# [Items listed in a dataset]
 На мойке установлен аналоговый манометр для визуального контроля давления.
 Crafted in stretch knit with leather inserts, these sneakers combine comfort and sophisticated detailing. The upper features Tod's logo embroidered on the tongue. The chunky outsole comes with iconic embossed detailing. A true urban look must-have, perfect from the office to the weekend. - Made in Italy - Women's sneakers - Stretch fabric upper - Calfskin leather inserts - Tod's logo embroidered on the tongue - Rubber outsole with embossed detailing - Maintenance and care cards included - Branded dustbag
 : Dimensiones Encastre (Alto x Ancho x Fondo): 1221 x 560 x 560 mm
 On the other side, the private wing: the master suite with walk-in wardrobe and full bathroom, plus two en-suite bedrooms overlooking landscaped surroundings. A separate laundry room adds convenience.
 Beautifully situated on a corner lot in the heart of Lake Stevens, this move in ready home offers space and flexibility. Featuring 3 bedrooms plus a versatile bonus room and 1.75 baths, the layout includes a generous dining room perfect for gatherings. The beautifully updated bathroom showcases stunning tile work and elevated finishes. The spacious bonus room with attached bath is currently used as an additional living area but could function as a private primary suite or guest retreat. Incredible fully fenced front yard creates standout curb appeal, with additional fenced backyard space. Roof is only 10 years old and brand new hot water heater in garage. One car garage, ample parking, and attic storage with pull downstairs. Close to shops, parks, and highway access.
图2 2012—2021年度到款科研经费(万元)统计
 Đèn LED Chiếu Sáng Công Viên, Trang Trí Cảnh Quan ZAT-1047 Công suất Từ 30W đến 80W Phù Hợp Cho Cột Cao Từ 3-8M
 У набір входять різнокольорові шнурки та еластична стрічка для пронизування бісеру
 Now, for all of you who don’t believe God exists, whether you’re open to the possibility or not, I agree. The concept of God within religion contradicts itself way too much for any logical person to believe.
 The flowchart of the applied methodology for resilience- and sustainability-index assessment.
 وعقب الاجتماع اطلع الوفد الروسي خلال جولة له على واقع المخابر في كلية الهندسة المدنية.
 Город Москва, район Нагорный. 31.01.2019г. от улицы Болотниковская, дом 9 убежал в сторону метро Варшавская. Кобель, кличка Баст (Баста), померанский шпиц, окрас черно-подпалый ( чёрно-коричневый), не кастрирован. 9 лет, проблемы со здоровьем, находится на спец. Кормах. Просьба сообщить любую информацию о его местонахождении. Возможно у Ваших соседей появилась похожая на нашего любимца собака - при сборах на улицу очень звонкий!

# [Exercise details]
Could you transcribe all of the entries exactly, leaving nothing out?

# [Answer below]
 На мойке установлен аналоговый манометр для визуального контроля давления.
 Crafted in stretch knit with leather inserts, these sneakers combine comfort and sophisticated detailing. The upper features Tod's logo embroidered on the tongue. The chunky outsole comes with iconic embossed detailing. A true urban look must-have, perfect from the office to the weekend. - Made in Italy - Women's sneakers - Stretch fabric upper - Calfskin leather inserts - Tod's logo embroidered on the tongue - Rubber outsole with embossed detailing - Maintenance and care cards included - Branded dustbag
 : Dimensiones Encastre (Alto x Ancho x Fondo): 1221 x 560 x 560 mm
 On the other side, the private wing: the master suite with walk-in wardrobe and full bathroom, plus two en-suite bedrooms overlooking landscaped surroundings. A separate laundry room adds convenience.
 Beautifully situated on a corner lot in the heart of Lake Stevens, this move in ready home offers space and flexibility. Featuring 3 bedrooms plus a versatile bonus room and 1.75 baths, the layout includes a generous dining room perfect for gatherings. The beautifully updated bathroom showcases stunning tile work and elevated finishes. The spacious bonus room with attached bath is currently used as an additional living area but could function as a private primary suite or guest retreat. Incredible fully fenced front yard creates standout curb appeal, with additional fenced backyard space. Roof is only 10 years old and brand new hot water heater in garage. One car garage, ample parking, and attic storage with pull downstairs. Close to shops, parks, and highway access.
图2 2012—2021年度到款科研经费(万元)统计
 Đèn LED Chiếu Sáng Công Viên, Trang Trí Cảnh Quan ZAT-1047 Công suất Từ 30W đến 80W Phù Hợp Cho Cột Cao Từ 3-8M
 У набір входять різнокольорові шнурки та еластична стрічка для пронизування бісеру
 Now, for all of you who don’t believe God exists, whether you’re open to the possibility or not, I agree. The concept of God within religion contradicts itself way too much for any logical person to believe.
 The flowchart of the applied methodology for resilience- and sustainability-index assessment.
 وعقب الاجتماع اطلع الوفد الروسي خلال جولة له على واقع المخابر في كلية الهندسة المدنية.
 Город Москва, район Нагорный. 31.01.2019г. от улицы Болотниковская, дом 9 убежал в сторону метро Варшавская. Кобель, кличка Баст (Баста), померанский шпиц, окрас черно-подпалый ( чёрно-коричневый), не кастрирован. 9 лет, проблемы со здоровьем, находится на спец. Кормах. Просьба сообщить любую информацию о его местонахождении. Возможно у Ваших соседей появилась похожая на нашего любимца собака - при сборах на улицу очень звонкий!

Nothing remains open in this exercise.